Steyerl celebra lo que ella llama “imágenes-spam”: anuncios publicitarios de universidades que ofrecen inserción en el mercado laboral (en mi último viaje a Costa Rica, vi en la parte trasera de un autobús un anuncio de la Universidad Latina donde se veía al graduado saliendo de las mismas cajas de madera que transportan mercancías), publicidad de cuerpos bellos y familias felices, en fin, el mundo edulcorado. Y, más que ello, Steyerl celebra que estas imágenes abunden al punto que las hayamos empezado a considerar spam, pues quiere decir que ya no estamos ni deseosos ni obligados a coincidir con tales imágenes, declarándonos así tácitamente irrepresentados por ellas. Que el yo aparezca frente a un meme y no frente a un anuncio con supermodelos nos descoloca de esa economía de deseos cada vez más inalcanzables.
Así pues, que el yo salte frente a un meme de Marge Simpson y no frente a las Kardashian en ropa interior Calvin Klein hace estallar al régimen de la mímesis y de la permanencia morbosa de la imagen en nuestras mentes. Permanencia es lo que menos hay. El meme de Bob Esponja hará saltar al yo, pero segundos después lo hará el meme de la Doctora Polo y después otro y otro, hasta que el yo se haya identificado con apariencias tan disímiles que no hagan más que acusar su fragilidad y obsolescencia.
Por otra parte, sabemos que la fragilidad del yo no se suplanta con una dureza y estabilidad de la mímesis. Más bien, el meme nos participa de su descartabilidad y, si vuelve, lo hará con otro texto, otra marca de agua u otra resolución. El meme no es mimético ni siquiera consigo mismo. Esto por supuesto nos da cuenta del carácter tremendamente modificable y editable de la experiencia contemporánea.
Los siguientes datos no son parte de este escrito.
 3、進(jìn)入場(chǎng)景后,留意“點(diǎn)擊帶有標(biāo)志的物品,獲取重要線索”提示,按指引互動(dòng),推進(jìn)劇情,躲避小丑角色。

Pero, nuevamente, fuera de lamentarnos por ello, es preciso observar allí la oportunidad. Aferrarnos al sueño científico del laboratorio cuyas condiciones controladas permiten que el objeto de estudio permanezca inalterado nos hará ver en el meme un enemigo eterno. Sin embargo, más que ello, lo que importa ver es lo tremendamente fácil que es intervenir el meme y volverlo en lo que antes no era. Nunca serán suficientes los chats de oficinas como para que a Piolín se le impida el humor más escatológico o profano, aún y cuando conserve sus rosas, corazones y fondo rosado.
El yo contemplativo que salta frente al meme es una reliquia que guardamos muy al fondo de nuestros bolsillos mientras fabricamos un nuevo meme con exactamente el mismo que hizo saltar al yo. Quizá por eso el yo es acontecimental: justo cuando salta para verse en el meme, este último ya se ha transformado en otro nuevo y distinto. El meme es el que salva a Narciso, no retirándolo del borde del estanque, sino tirándole guijarros de diferentes tamaños, fabricándole constantemente una imagen nueva y así impidiéndole ver continuamente lo mismo.
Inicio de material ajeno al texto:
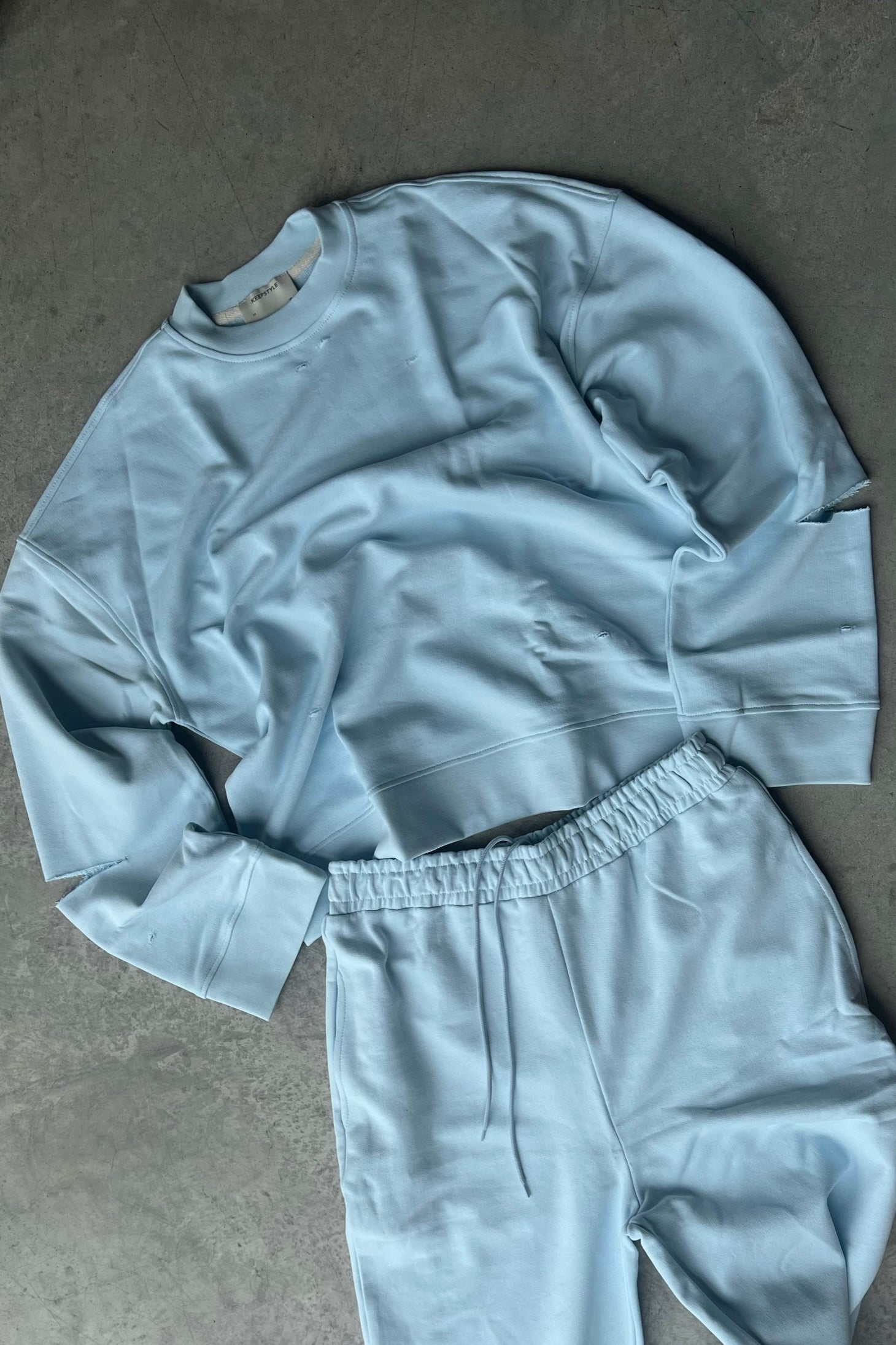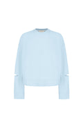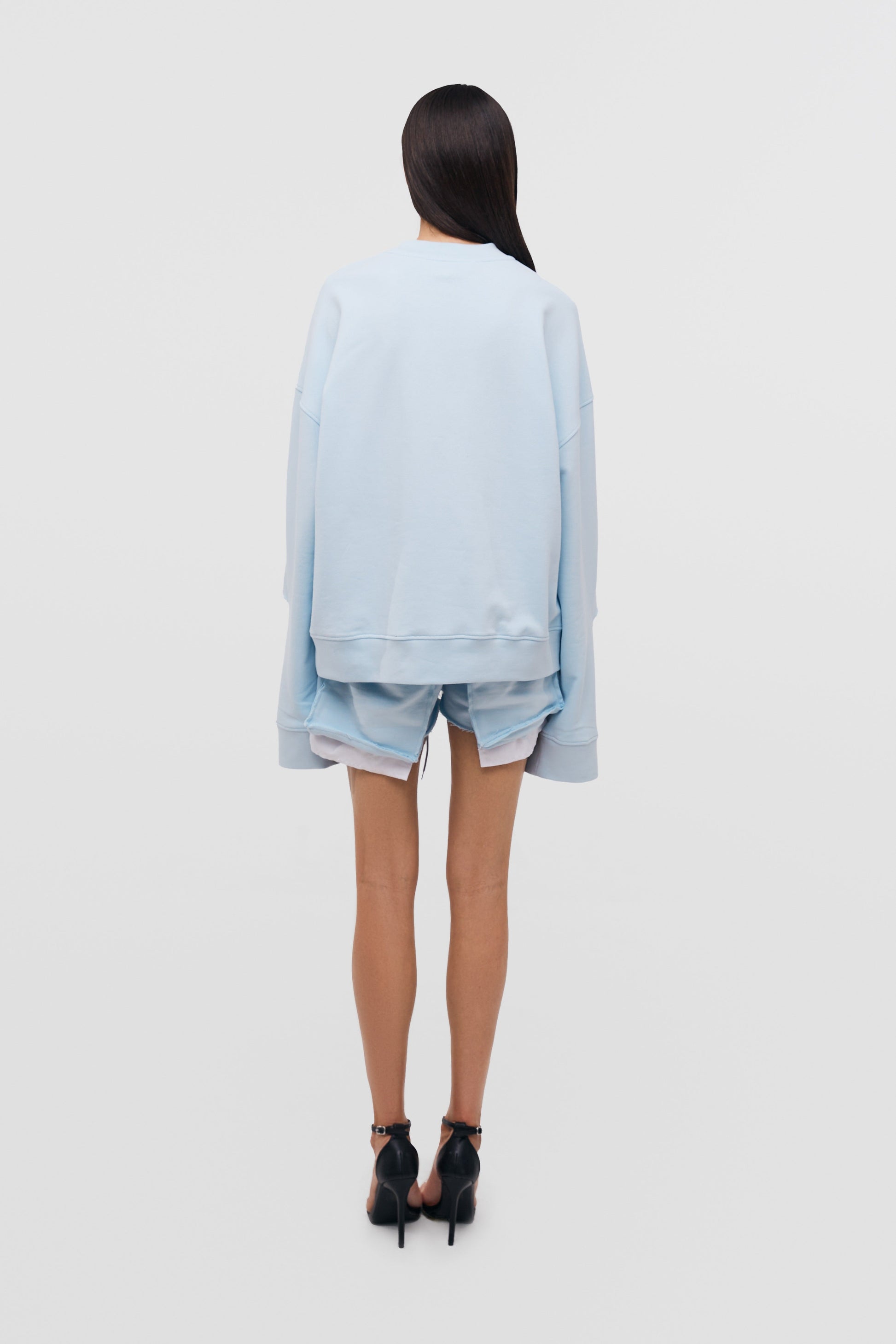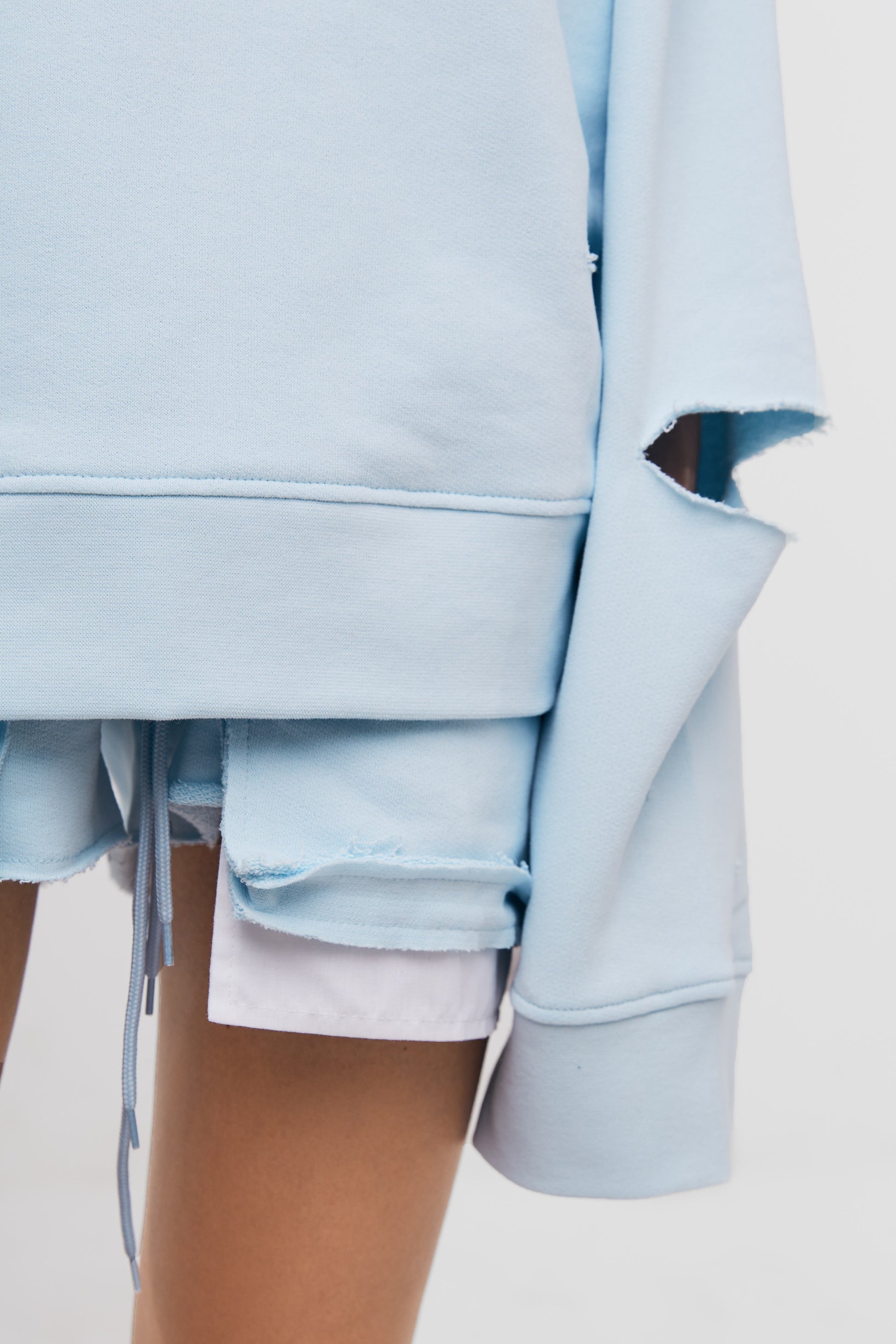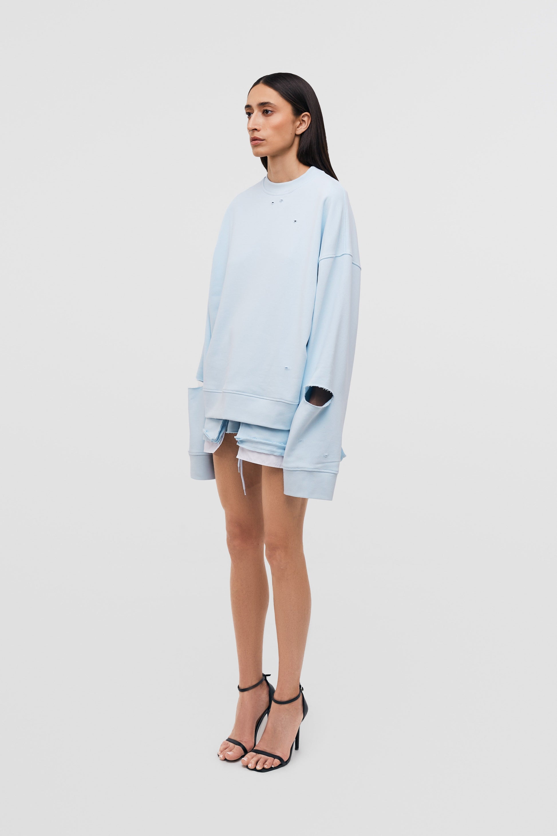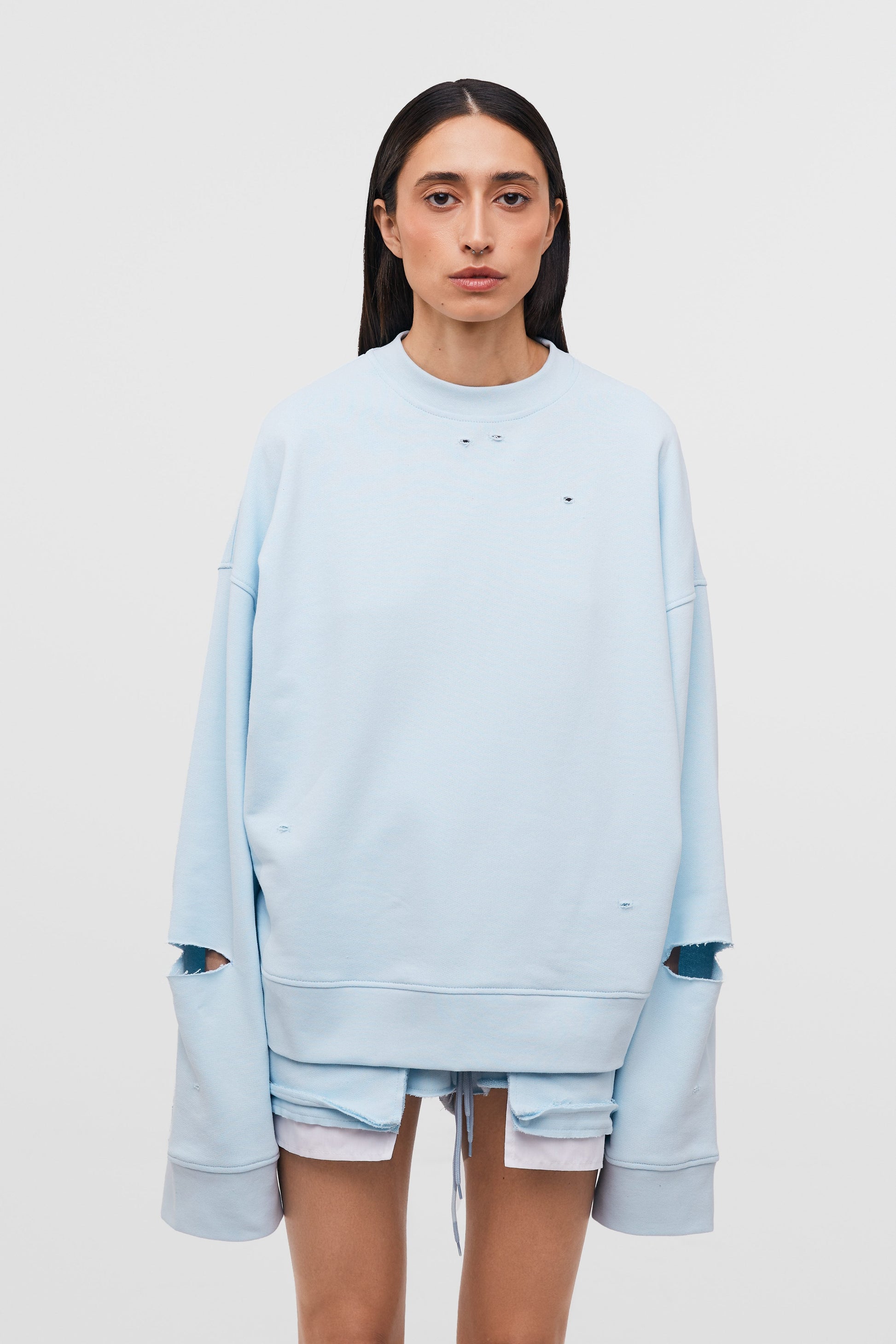 the sweatshirt "destroyed" in blue is made in an oversize style, with a round neck and wide elongated sleeves. there are slits on the front and sleeves - one of the main elements of the "70s" collection in the spirit of punk culture

Siempre hemos pensado que la condena de Narciso radicaba en no haber sido él quien fabricó su imagen. Ahora sabemos que mayor era su condena de que el agua del estanque estuviese demasiado quieta. Pero hoy no estamos frente a aguas calmas, sino dentro de un estanque virtual que nos permite editar nuestras imágenes, recortarlas, reproducirlas, ponerles palabras y ponerlas a circular indefinidamente. Un estanque donde ya no vemos al yo ni a la semejanza. Un estanque de aguas pixeleadas y feroces.